Он испугался, что не успеет, его опередят и вырвут автомат, и приставил к подбородку дуло «Калашникова», который когда-то подарил ему Фидель. Стрелять надо наверняка. Не очень эстетично, когда размозжит голову, зато не выйдет осечки. Он, правда, обещал жене вернуться, но что поделать, если не мы историю, а она нас творит. Вот и все, командор, товарищ сеньор президент, сенатор, студент, мальчик Чичо, вот и все.
— Эй, иностранец!
Питер поднял голову.
— Прыгай, черт побери!
— Я требую, чтобы мне предоставили связь с посольством.

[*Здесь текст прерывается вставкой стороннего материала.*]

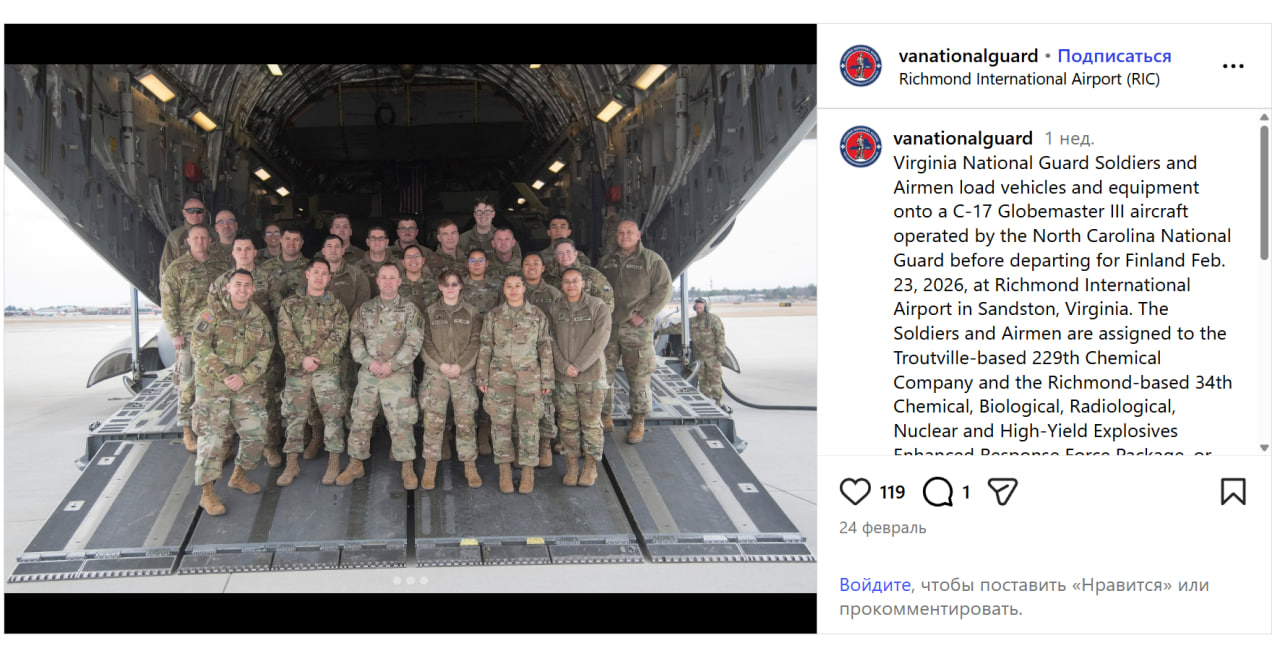 "Национальная гвардия Вирджинии (США) провела учения по поиску опасных веществ и действиям с ними в финском городе Лаппеенранта в первую неделю марта", — указано в публикации.

— Прыгай, я сказал! Кто не прыгает, мумия — так?
— Вы не имеете права меня держать.
— Прыгай, или я вставлю тебе в зад шило. Посольство бандитов не покрывает. Зачем ты приехал в Чили, дерьмо?
Во всей тюрьме уже много часов подряд прыгали коммунисты, социалисты, члены правительства и профсоюзные боссы, застигнутые в том, в чем были. Только в полночь людям разрешили передохнуть, но часовой попался беспокойный. В коридоре шумели и не давали уснуть, а когда Питер наконец закрыл глаза, двое карабинеров внесли в камеру избитого до крови маленького босого человека в лохмотьях и наручниках и бросили на цементный пол.
Человечек застонал, потом произнес что-то знакомое на незнакомом, но очень мелодичном, полнозвучном и выразительном языке, и, услышав его хриплый голос, Питер ахнул:
— Бенедиктов!
— Мерзавцы, ах, какие мерзавцы!
Питер сел на корточки, достал носовой платок и стал обтирать разбитое лицо языковеда.
— Господи, кто вас так? Да на вас места живого нет!
Бенедиктов загнул еще более длинную руладу, в которой Питер не понял ничего, кроме энергичного корня, похожего на фламандское приветствие «добрый день». Он застучал в дверь. Появился белоголовый охранник с красными, как на сделанной дешевым аппаратом фотографии, глазами.
— Что надо?
— Снимите с него наручники и вызовите врача.
— Может быть, сеньорам угодно пригласить медсестру и сделать массаж? осведомился альбинос и с удовольствием выругался, сожалея, что иностранец не поймет.
Но иностранец понял.
— Вы за это ответите! — крикнул он дрожащим голосом. — Вы имеете дело с подданным бельгийской короны.
— Я имею дело с военнопленным, — равнодушно сказал охранник, — который был захвачен с оружием и оказал сопротивление властям республики Чили, дерьмо.
— Оставьте этого дурачка, Питер, — пробормотал Бенедиктов, с трудом шевеля разбитыми губами. — Подите сюда. Вы знаете, какой сегодня день?